Archimedes Plutonium[edit]

I corrected the text to the Archimedes Plutonium entry on Usenet celebrity, removing most of AP's ill-formatted (OR, fringe) text. Hopefully what's there now will suffice. AP is under the impression that I am in control of that portion of the article.[1] Of course, there's a lot about Wikipedia that he just plain does not understand. (This was also posted at User talk:Glenfarclas.)Loadmaster (talk) 17:11, 3 January 2011 (UTC)

His changes don't seem too bad, to be honest. He can reshuffle his own deckchairs as much as he likes, so long as he doesn't climb out of the pen and start causing trouble on those articles themselves. Andy Dingley (talk) 17:12, 3 January 2011 (UTC)

Frivolous and mischievous intervention[edit]

I see that you have added a second clarification tag, one that had already been attended to and removed, to the W & J Galloway & Sons article. Just what, exactly, would you like me to clarify? Weiterbewegung (talk) 16:40, 4 January 2011 (UTC)

Restoring sense at Musgraves[edit]

Shouldn't we use your reversion of 27 Dec as the baseline version- see and check for any potential phopahs before putting back any substantial chunks of text or images. --ClemRutter (talk) 13:38, 6 January 2011 (UTC)

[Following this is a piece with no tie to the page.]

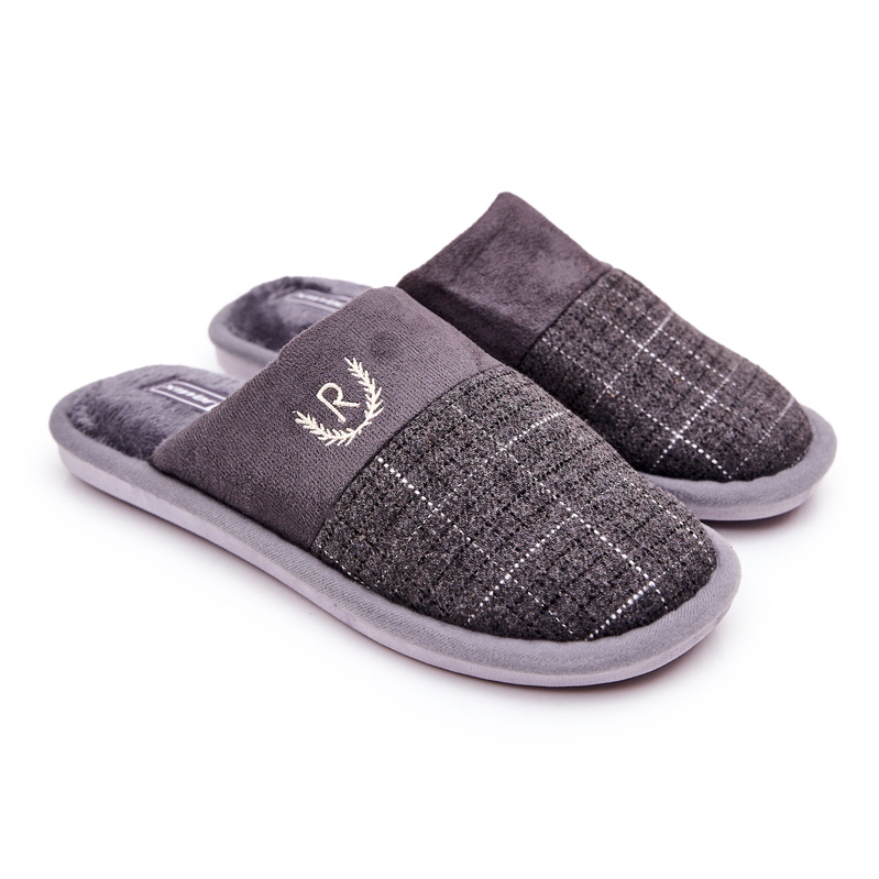 Details: WJ1 Warme graue karierte Hausschuhe von Blase

AIUI, Laser Brain had already (5th Jan) taken it back to the June version, on just those grounds. I haven't had time to see if there are any useful edits since June that warrant re-applying. EdJogg had done some editing, but the likelihood is (given the relative sizes) that this was to the problematic content anyway. Andy Dingley (talk) 13:41, 6 January 2011 (UTC)
One thing we probably should do is to go to the "best" version and copy any references across to the new version. As non original work these aren't so problematic for copyright. The editor causing all this isn't too knowledgeable about copyright anyway, so they're unlikely to make much of a case against this under "sweat of the brow" or database right claims. Andy Dingley (talk) 13:45, 6 January 2011 (UTC)
My changes were all corrections to the 'problem' text (although, of course, it wasn't a problem at the time!), so don't worry about hanging on to them. BTW the June version was also mine... EdJogg (talk) 17:02, 6 January 2011 (UTC)

W - you - know - who[edit]

I shouldn't think there are any more articles to consider looking at his contribution history. The ones you listed at ANI are the only ones that his is the major contibution to. NtheP (talk) 20:01, 6 January 2011 (UTC)

reopened ANI[edit]

here - I also made a response on my talk page, but I've pasted it over to ANI. Xavexgoem (talk) 12:05, 10 January 2011 (UTC)

Incident report[edit]

As per discussions: [2]. I'm sorry, for this! I really did hope that we can continue the discussions just on technical level, without any kind of personal attacks.--Lsorin (talk) 19:24, 10 January 2011 (UTC)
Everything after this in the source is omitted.